Objectives: This study sought to evaluate the utility of the Determine Syphilis TP test performed in Peruvian commercial sex venues for the detection of active syphilis; and determine the feasibility of integrating rapid syphilis testing for female sex workers (FSW) into existing health outreach services.

Methods: We tested 3586 female sex workers for syphilis by Determine in the field using whole blood fingerstick, and by rapid plasma reagin (RPR) and Treponema pallidum haemagglutination assay (TPHA) in a central laboratory in Lima using sera.

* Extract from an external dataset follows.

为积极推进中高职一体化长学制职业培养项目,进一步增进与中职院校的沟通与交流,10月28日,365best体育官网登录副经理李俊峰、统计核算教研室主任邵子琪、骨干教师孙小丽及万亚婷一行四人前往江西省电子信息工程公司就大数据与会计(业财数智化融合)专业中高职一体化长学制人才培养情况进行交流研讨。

Results: 97.4% of the FSW offered rapid syphilis testing participated; and among those who tested positive, 87% visited the local health centre for treatment. More than twice as many specimens were RPR reactive using serum in Lima (5.7%) than tested positive by whole blood Determine in the field (2.8%), and although most were confirmed by TPHA, only a small proportion (0.7%) were RPR reactive at ⩾1:8 dilutions, and likely indicating active syphilis. Sensitivity, specificity and positive predictive value of the Determine Syphilis TP test in whole blood when compared to serum RPR reactivity at any dilution confirmed by TPHA as the gold standard were 39.3%, 99.2% and 71.4%, respectively. Sensitivity improved to 64.0% when using serum RPR ⩾1:8 confirmed by TPHA. Invalid tests were rare (0.3%).

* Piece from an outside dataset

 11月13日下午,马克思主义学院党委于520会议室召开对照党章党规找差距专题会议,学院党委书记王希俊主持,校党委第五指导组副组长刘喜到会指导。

Conclusions: Rapid syphilis testing in sex work venues proved feasible, but Determine using whole blood obtained by fingerstick was substantially less sensitive than reported in previous laboratory-based studies using serum. Although easy to perform in outreach venues, the utility of this rapid syphilis test was relatively low in settings where a large proportion of the targeted population has been previously tested and treated.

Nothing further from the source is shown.